[Data items]
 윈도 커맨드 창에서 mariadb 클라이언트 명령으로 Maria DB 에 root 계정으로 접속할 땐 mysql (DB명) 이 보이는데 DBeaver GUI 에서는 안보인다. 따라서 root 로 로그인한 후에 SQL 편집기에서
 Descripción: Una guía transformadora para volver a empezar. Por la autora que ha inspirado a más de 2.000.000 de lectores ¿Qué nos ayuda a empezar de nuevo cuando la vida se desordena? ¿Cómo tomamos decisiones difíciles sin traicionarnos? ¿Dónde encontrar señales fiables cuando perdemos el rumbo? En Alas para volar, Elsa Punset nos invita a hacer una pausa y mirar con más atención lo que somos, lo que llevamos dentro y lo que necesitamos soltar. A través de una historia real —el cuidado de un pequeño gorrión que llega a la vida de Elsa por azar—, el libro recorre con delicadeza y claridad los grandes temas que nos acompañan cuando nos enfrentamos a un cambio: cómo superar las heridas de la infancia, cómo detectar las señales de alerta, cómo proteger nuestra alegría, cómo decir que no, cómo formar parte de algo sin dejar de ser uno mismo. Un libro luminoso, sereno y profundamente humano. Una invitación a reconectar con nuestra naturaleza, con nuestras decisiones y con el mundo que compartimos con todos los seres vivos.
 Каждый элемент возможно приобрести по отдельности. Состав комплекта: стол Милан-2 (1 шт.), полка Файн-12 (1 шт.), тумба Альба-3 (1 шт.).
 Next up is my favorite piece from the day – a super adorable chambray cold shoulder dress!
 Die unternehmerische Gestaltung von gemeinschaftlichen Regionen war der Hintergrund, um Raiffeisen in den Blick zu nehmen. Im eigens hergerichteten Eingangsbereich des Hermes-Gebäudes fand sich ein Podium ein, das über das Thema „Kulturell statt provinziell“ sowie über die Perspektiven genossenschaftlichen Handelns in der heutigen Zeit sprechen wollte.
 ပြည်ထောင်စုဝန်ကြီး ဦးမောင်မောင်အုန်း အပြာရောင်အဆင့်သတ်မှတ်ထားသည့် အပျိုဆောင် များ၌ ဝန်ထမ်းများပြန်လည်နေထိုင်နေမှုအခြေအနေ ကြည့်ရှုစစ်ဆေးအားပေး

_WORK REQUIRED_
Keeping every word in place, restate the entries above.

_RESULT FOR THIS EXERCISE_
 윈도 커맨드 창에서 mariadb 클라이언트 명령으로 Maria DB 에 root 계정으로 접속할 땐 mysql (DB명) 이 보이는데 DBeaver GUI 에서는 안보인다. 따라서 root 로 로그인한 후에 SQL 편집기에서
 Descripción: Una guía transformadora para volver a empezar. Por la autora que ha inspirado a más de 2.000.000 de lectores ¿Qué nos ayuda a empezar de nuevo cuando la vida se desordena? ¿Cómo tomamos decisiones difíciles sin traicionarnos? ¿Dónde encontrar señales fiables cuando perdemos el rumbo? En Alas para volar, Elsa Punset nos invita a hacer una pausa y mirar con más atención lo que somos, lo que llevamos dentro y lo que necesitamos soltar. A través de una historia real —el cuidado de un pequeño gorrión que llega a la vida de Elsa por azar—, el libro recorre con delicadeza y claridad los grandes temas que nos acompañan cuando nos enfrentamos a un cambio: cómo superar las heridas de la infancia, cómo detectar las señales de alerta, cómo proteger nuestra alegría, cómo decir que no, cómo formar parte de algo sin dejar de ser uno mismo. Un libro luminoso, sereno y profundamente humano. Una invitación a reconectar con nuestra naturaleza, con nuestras decisiones y con el mundo que compartimos con todos los seres vivos.
 Каждый элемент возможно приобрести по отдельности. Состав комплекта: стол Милан-2 (1 шт.), полка Файн-12 (1 шт.), тумба Альба-3 (1 шт.).
 Next up is my favorite piece from the day – a super adorable chambray cold shoulder dress!
 Die unternehmerische Gestaltung von gemeinschaftlichen Regionen war der Hintergrund, um Raiffeisen in den Blick zu nehmen. Im eigens hergerichteten Eingangsbereich des Hermes-Gebäudes fand sich ein Podium ein, das über das Thema „Kulturell statt provinziell“ sowie über die Perspektiven genossenschaftlichen Handelns in der heutigen Zeit sprechen wollte.
 ပြည်ထောင်စုဝန်ကြီး ဦးမောင်မောင်အုန်း အပြာရောင်အဆင့်သတ်မှတ်ထားသည့် အပျိုဆောင် များ၌ ဝန်ထမ်းများပြန်လည်နေထိုင်နေမှုအခြေအနေ ကြည့်ရှုစစ်ဆေးအားပေး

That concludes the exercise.